On the one hand can learning on the job allow better training of what not to be influenced by, but on the other hand can an injected prompt have an even deeper effect on them long term.
null
null
dmix
> The Transformer architecture revolutionized sequence modeling with its introduction of attention, a mechanism by which models look back at earlier inputs to prioritize relevant input data
I've always wanted to read how something like Cursor manages memory. It seems to have developed a long history of all of prompts and understands both the codebase and what I'm building slightly more over time, causing less errors.
nubg
Very interesting. Is it correct for me to imagine it as some kind of "LoRA" thats continuously adapted as the model goes through its day?
If so, could there perhaps be a step where the LoRA is merged back into the main model?
That would be like sleeping :-)
robrenaud
I don't think that's a great analogy.
LoRAs tend to be adapters bolted onto to systems by people other than the system designers, and they are low rank factorizations.

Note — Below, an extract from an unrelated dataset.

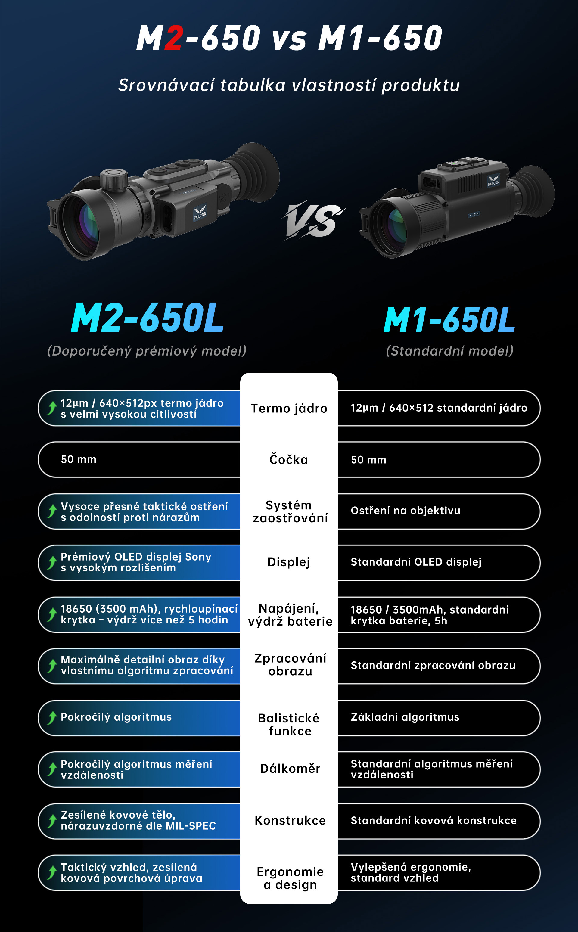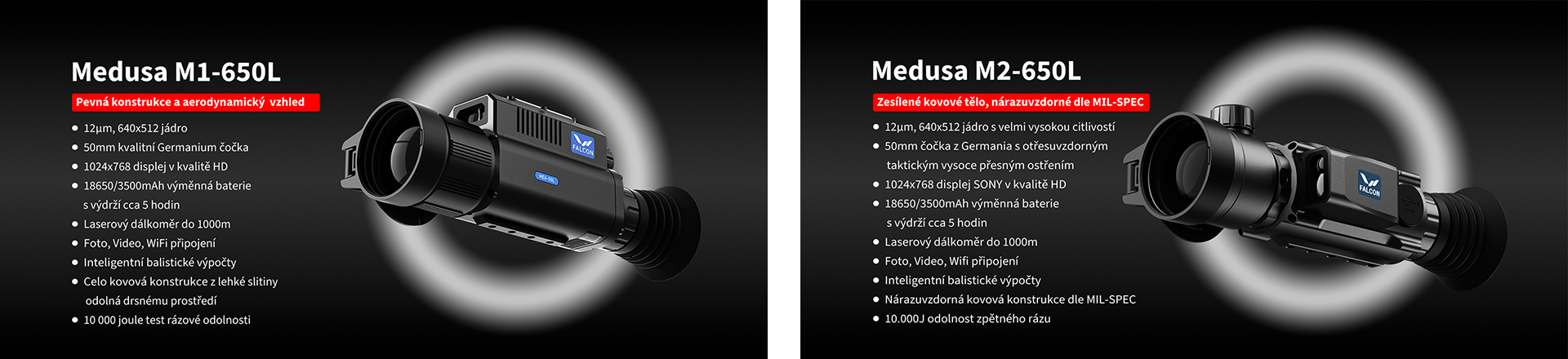 Srovnání termovizních zaměřovačů FALCON MEDUSA M1-650L a M2-650L (technické a produktové):

There is nothing low rank or adapter here.
andy12_
Kind-of. You could theoretically use LoRA for this, in fact, but it probably wouldn't have enough capacity to make it a proper substitute of the attention mechanism. Instead a full MLP is trained as input chunks get processed.
6r17
Would this also allow to align it furthermore with user's prompt ? notably due to the surprise factor and how it may understand it ?
Alifatisk
Titans: Learning to Memorize at Test Time https://arxiv.org/abs/2501.00663
bentt
This just feels like a tremendous missing piece to LLMs. Looking forward to seeing it in action.
willangelo
Very very interesting, definitely a missing piece in current AI space.
Small typo where the text “Virtually all successful existing sequence models rely on mean squared error…” is repeated twice within the same paragraph. Happens to the best of us.
From the blog:
https://arxiv.org/abs/2501.00663
https://arxiv.org/pdf/2504.13173
Is there any other company that's openly publishing their research on AI at this level? Google should get a lot of credit for this.